Synopses & Reviews
Poetry. This delightful book, beautifully publsihed by Avec books, follows Browne's REBECCA LETTERS (Kesley St.) and LORE (Instress) with more of her unique lightness of touch and capacious vison. 'Which way to the windmaker's door?/ If you want to know you'll have to ask the doormaker.' A riddling, wind-activated poem describing the transformative adventures of a girl and a crane. Page after page, deckled with light, whistle headfirst into a journey, a conversation, a host of insoluble dilemmas, 'questions swept over a chasm.' THE AGENCY OF WIND yields the imagnative pleasures of a Leonora Carrington painting with the verbal vivacity and exactitude already characteristic of a Laynie Browne.--C.D. Wright.
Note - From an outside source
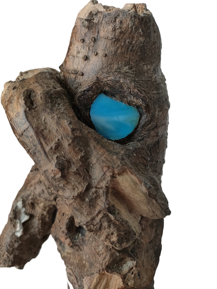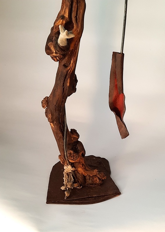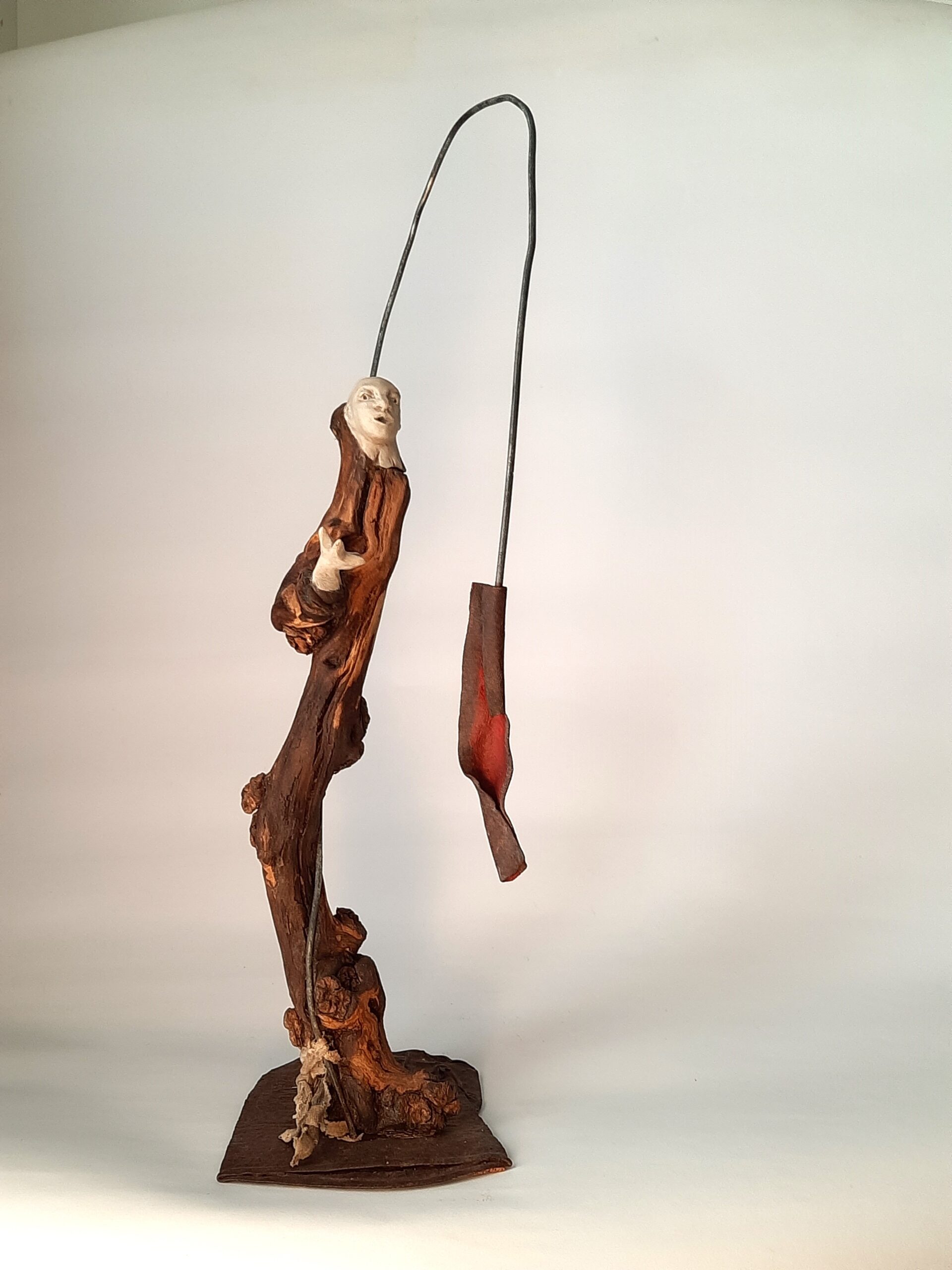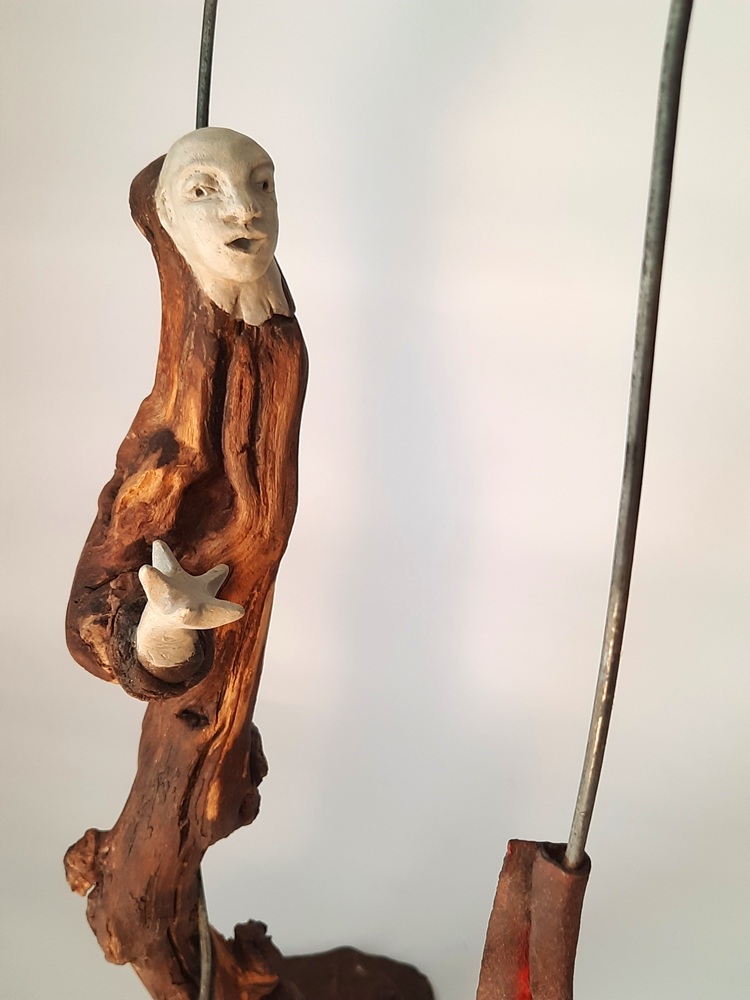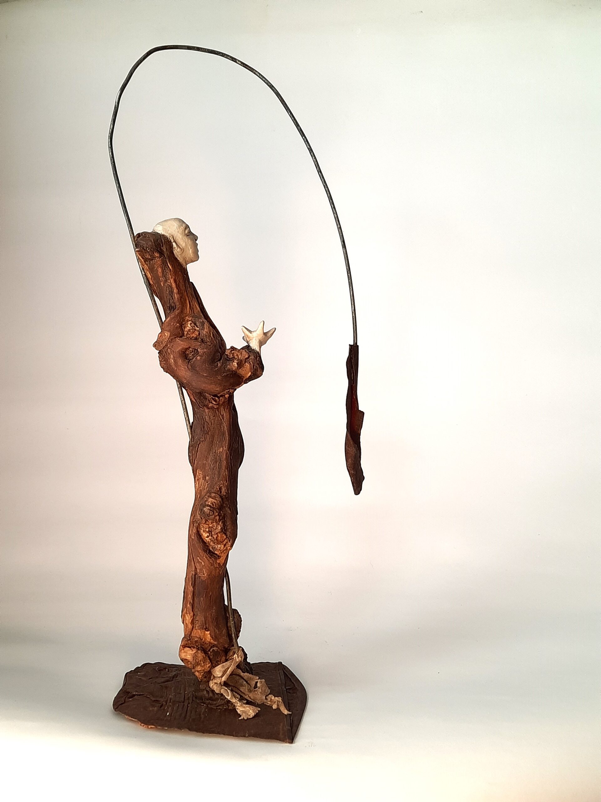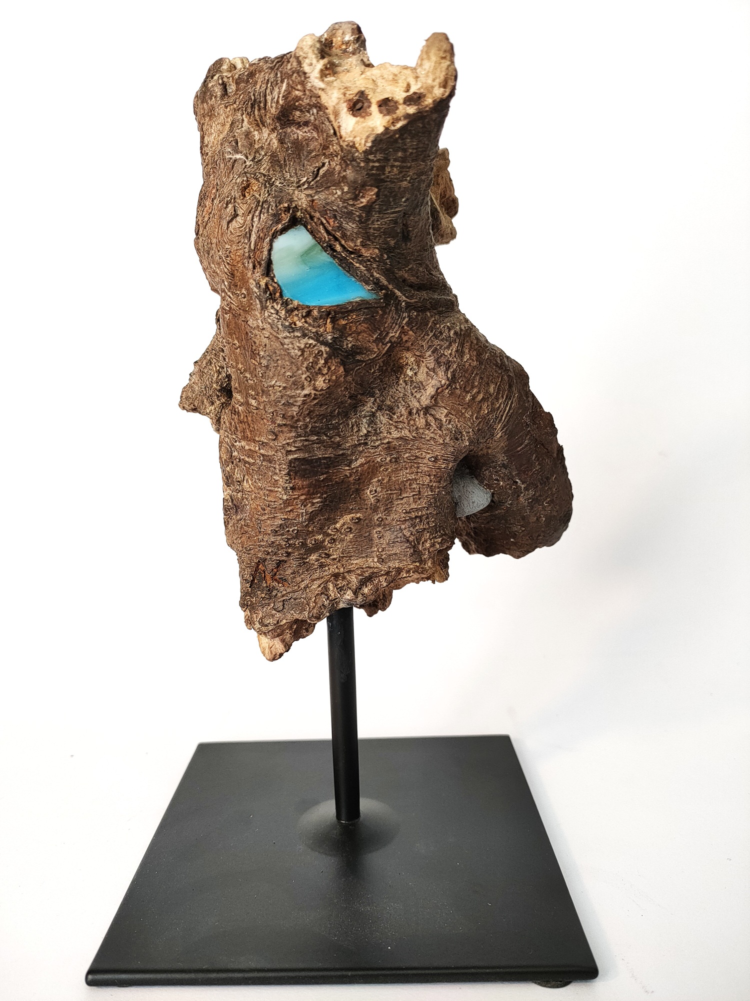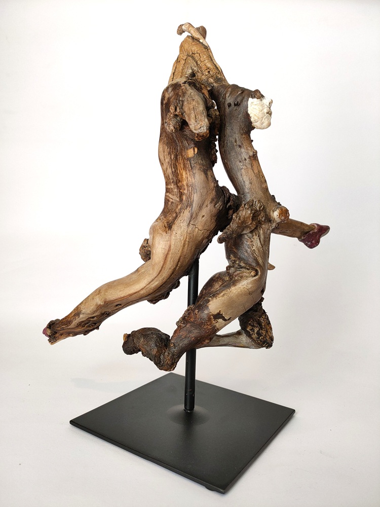 Bois flotté, métal, pâte à réparer, acrylique, vernis, socle fil de fer.

Laynie Browne's pieces of universal udefulness -- poem/stories written for childre/sages, Sumerian lore/from the twenty-third century, profoundly formal/whimsically freeing -- are a particular, innovative delight. -- Stacy Dorris.
About the Author
Laynie Browne was born and grew up in Los Angeles. She attended the University of California, Berkeley, and Brown University and was awarded The Gertrude Stein Award in Innovative Poetry three times. She is the author of a novel and nine collections of poetry, most recently ROSEATE, POINTS OF GOLD (Dusie Press, 2010), THE DESIRES OF LETTERS (Counterpath Press, 2010), THE SCENTED FOX (Wave Books, 2007, winner of the National Poetry Series), and DAILY SONNETS (Counterpath Press, 2007). Browne is an assistant professor of poetry at the University of Arizona and one of the directors of the POG reading series in Tucson, Arizona.